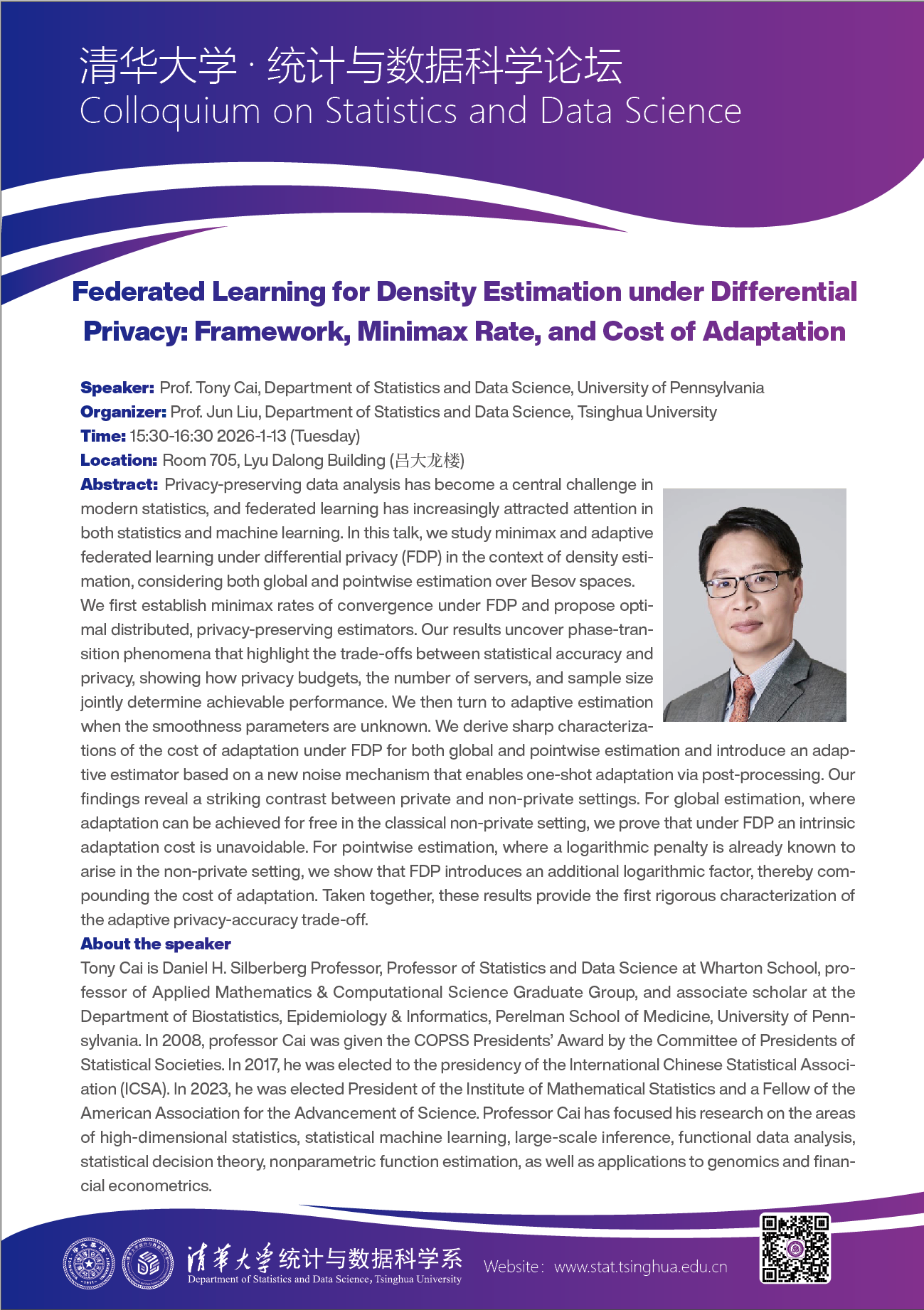 【统计与数据科学论坛】Federated Learning for Density Estimation under Differential Privacy: Framework, Minimax Rate, and Cost of Adaptation
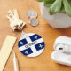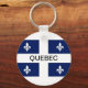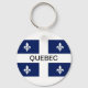 Uma bandeira azul e branca da província de quebec com palavras dizendo que quebec faz um bom chaveiro.
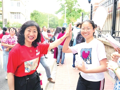 青岛第四实验初级中学两位老师为自己的第一届毕业生送考。
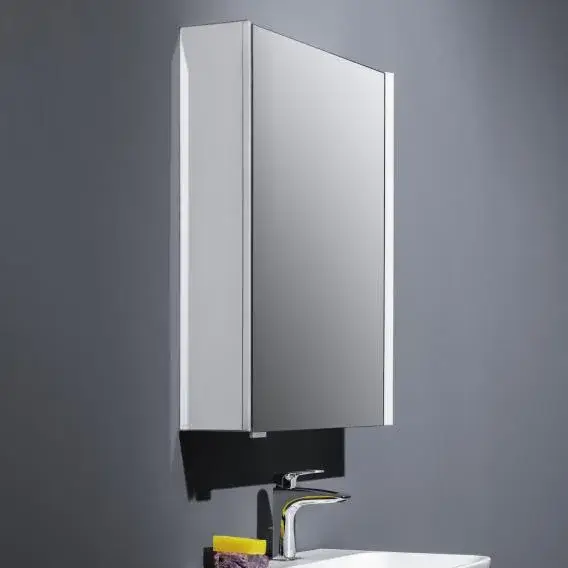Laufen Frame 25 шкаф зеркальный 60x15x75cм., алюминий, 1 дверца с зеркалом с 2х сторон, SX, сенс. выкл., 2 розетки, 2 верт-х эл-та LED-подсветки (регул-ая яркость), с окружающим освещением (внизу)
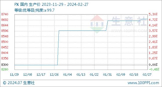 2月27日,生意社PX基准价为8700.00元/吨,与本月初(8685.71元/吨)相比,上涨了0.16%。
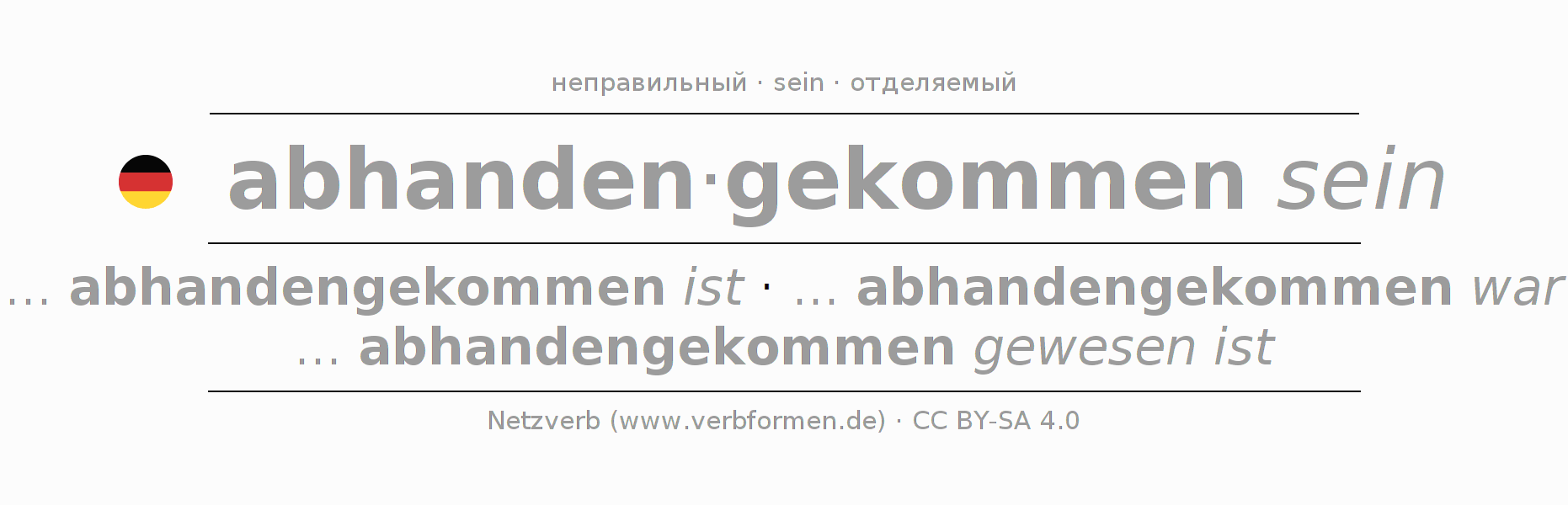 Глагол abhandenkommen спрягается в индикативе Пассив с sein в настоящем, прошедшем и будущем времени
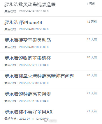这两个月来,老罗上的热搜,一大半都和苹果相关。
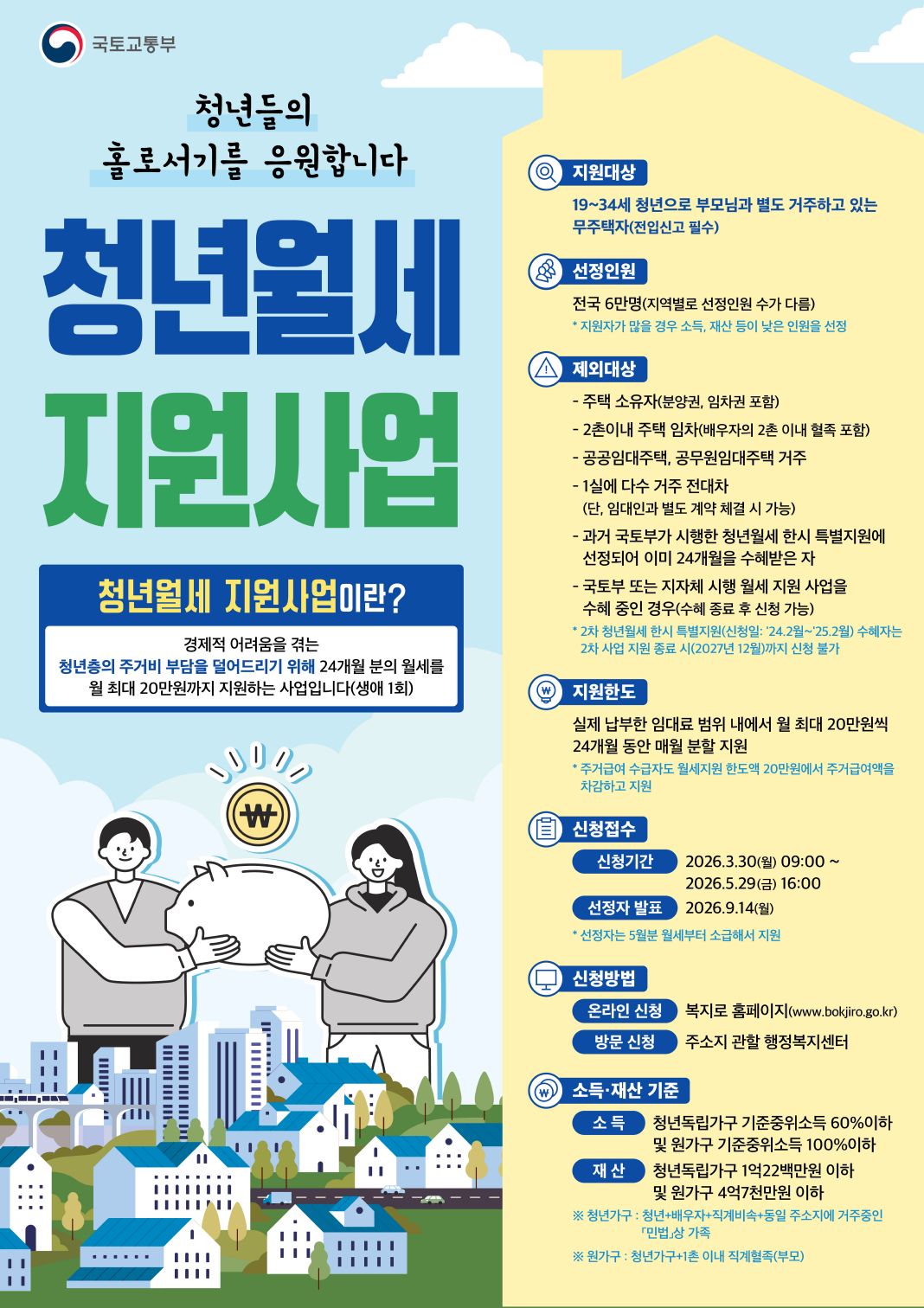 ∘ 지원대상: 19~34세 부모님과 별도 거주하는 무주택 청년

▶ **INSTRUCTIONS TO FOLLOW**
Retype the data exactly; images stay out.

▶ **EXERCISE RESPONSE**
 【统计与数据科学论坛】Federated Learning for Density Estimation under Differential Privacy: Framework, Minimax Rate, and Cost of Adaptation
 Uma bandeira azul e branca da província de quebec com palavras dizendo que quebec faz um bom chaveiro.
 青岛第四实验初级中学两位老师为自己的第一届毕业生送考。
Laufen Frame 25 шкаф зеркальный 60x15x75cм., алюминий, 1 дверца с зеркалом с 2х сторон, SX, сенс. выкл., 2 розетки, 2 верт-х эл-та LED-подсветки (регул-ая яркость), с окружающим освещением (внизу)
 2月27日,生意社PX基准价为8700.00元/吨,与本月初(8685.71元/吨)相比,上涨了0.16%。
 Глагол abhandenkommen спрягается в индикативе Пассив с sein в настоящем, прошедшем и будущем времени
这两个月来,老罗上的热搜,一大半都和苹果相关。
 ∘ 지원대상: 19~34세 부모님과 별도 거주하는 무주택 청년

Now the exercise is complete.